Dr. McGlennen: Tell me how you use OralDNA® salivary diagnostics.
Dr. Samaha: OralDNA® testing has been a standard and integral part of our intake of all patients with periodontal disease since early 2007. Our practice is well known for our protocol of diagnosing and treating periodontal disease and increasing total health profiles. Although I am a general dentist, over 95% of our new patients have some form of periodontal disease, from gingivitis to advanced, aggressive levels and we do not wait for the disease to manifest to an advanced degree in order to test. One thing we know for sure is that periodontal disease is a subclinical disease. It is present even when symptoms are not visible. We begin by performing a quick microscopic slide of the patient’s biofilm and once we see activity on the slide, we share what that means to the patient and they agree to the bacterial DNA test, MyPerioPath®, in order to specifically identify which bacteria are causing their disease. The objective testing makes it very personalized care. Patients like that. They understand the value in such an approach.
Dr. McGlennen: What are the top two things to consider when you select a patient for testing?
Dr. Samaha: If they have bacterial activity on their phase contrast microscopic slide and if they bleed upon probing or scaling.
Dr. McGlennen: What are the biggest benefits to using salivary diagnostics?
Dr. Samaha: Objective testing of the quantity and quality of the bacterial profile.
Dr. McGlennen: What is your favorite part of the MyPerioPath® results? Why?
Dr. Samaha: Learning the types of bacteria infecting the patient. Knowing what we are dealing with and coordinating the information with the scientific research that shows the array of systemic diseases associated with the individual bacteria. For example, being able to say “The science tells us that P. gingivalis increases cardiovascular disease… F nulceatum is implicated in serious health issues to include pregnancy complications, cardiovascular disease and…” I have created chairside flip charts to help patients understand. They are VERY powerful. This kind of conversation, along with the show-and-tell of the test results, makes it real to the patient.
Dr. McGlennen: How do your patients respond to this technology? What is their #1 question?
Dr. Samaha: We are careful to explain to them we are analyzing their oral pathogen/bacterial DNA. They get it. No questions. They always understand. It is just like objective testing for other medical conditions and diseases.
Dr. McGlennen: If a new OralDNA® provider were to ask you for advice, what would be your best tip?

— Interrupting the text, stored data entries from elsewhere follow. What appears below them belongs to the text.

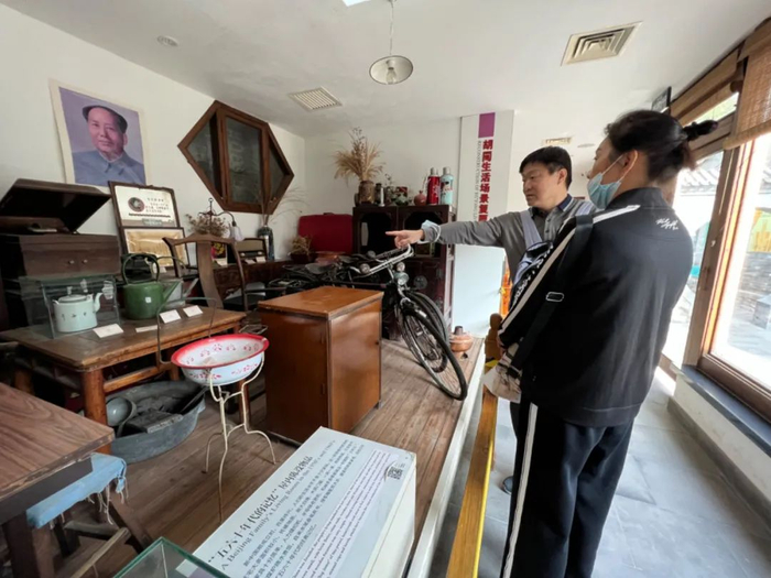 缝纫机、小人书、煤炉子、收音机……时代记忆展厅里的展品大多是从居民手中征集到的,原汁原味重现了过去的胡同生活。看着这些展品,从前的点滴回忆一下子涌上心头。“你看这个小人书,姥爷小时候花一分钱、两分钱就能买来看上半天!”曾经家住史家胡同的刘叔叔带着老伴儿和小孙子前来参观,感叹到“来这里就跟回家似的”。刘叔叔一边看,一边绘声绘色地给孙子讲着展品的故事。小孙子则趴在橱窗前,眨着大眼睛,听得入迷。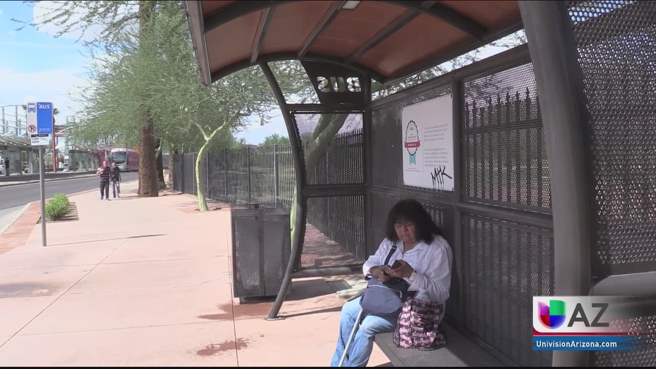 Instalan rociadores de agua en las paradas de autobús en Phoenix para hacer frente a las altas temperaturas
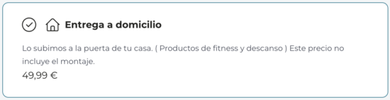 En los productos de fitness y descanso puede seleccionarse como modalidad de entrega la opción “Entrega dentro de casa” por un precio añadido de 49,90 €. El producto se subirá al domicilio siempre que haya ascensor. Este servicio no incluye montaje.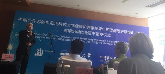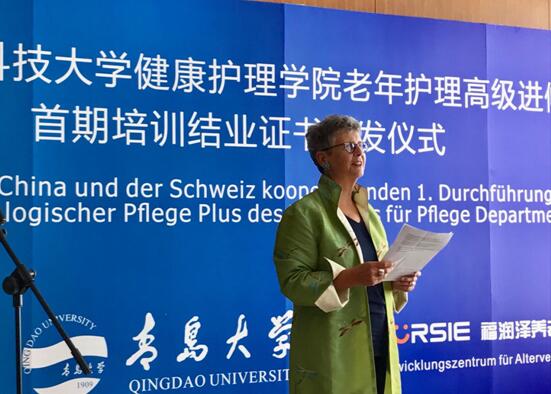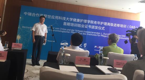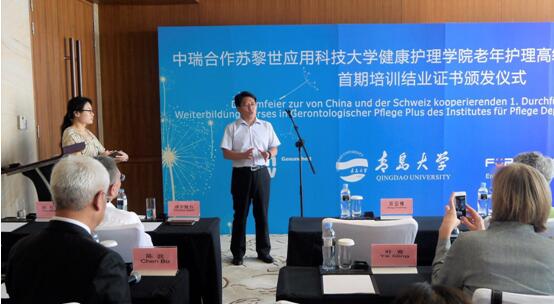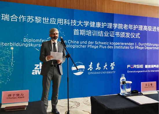 青岛市委常委、教育局局长邓云锋首先致辞,他对于米乐mile官方网站、瑞士苏黎世科技应用大学健康米乐mile官方网站和青岛福润泽养老事业发展中心开展的三方合作给予了充分肯定,表示首期中瑞养老护理高级进修培训取得圆满成功,对于应对人口老龄化的到来意义深远。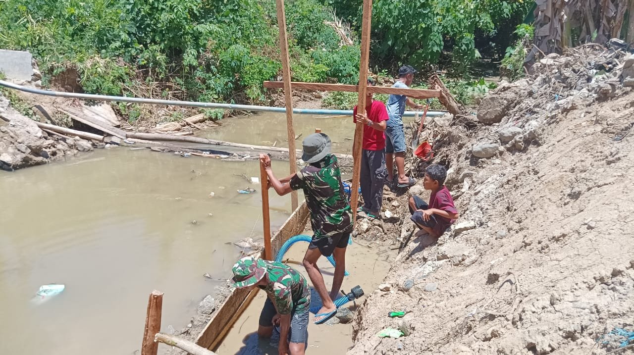 Pemandangan di lokasi pembangunan menunjukkan perjuangan fisik yang cukup berat. Para personel harus bekerja di dalam genangan air untuk mengeluarkan luapan air sungai dari struktur kerangka jembatan beton. Langkah ini dilakukan agar proses pengecoran material campuran semen, besi, dan pasir dapat berjalan dengan baik serta menghasilkan struktur jembatan yang kuat dan berkualitas.

Dr. Samaha: Become comfortable with presenting want the patient needs, not what you think they can afford. We have developed an easy to follow protocol that makes sense to every member of our team. We have a small practice, but our acceptance of the testing is near 100%. We take our time educating our patients and helping them understand a new way of thinking and treating. They value that. We are known for the progressive way in which we help our patients achieve total health.
Also, help educate other medical/dental professionals. This testing makes sense. And importantly, it makes sense to medical practitioners of all kinds.
Dr. McGlennen: Where do you see salivary diagnostics in 3-5 years? 10 years? What would be the impact on your practice/patients?
Dr. Samaha: As I have already been using salivary diagnostics for over 10 years, I have a wish list. One, as the oral/systemic connections become more predominate, display more of a connection of specific periodontal pathogens to specific systemic diseases, such as F. nulceatum and cardiovascular issues as well as adverse pregnancy outcomes, etc…. on the actual report results. Include continuation of the concept of personalized medicine/dentistry by learning more of the patient’s biofilm profile.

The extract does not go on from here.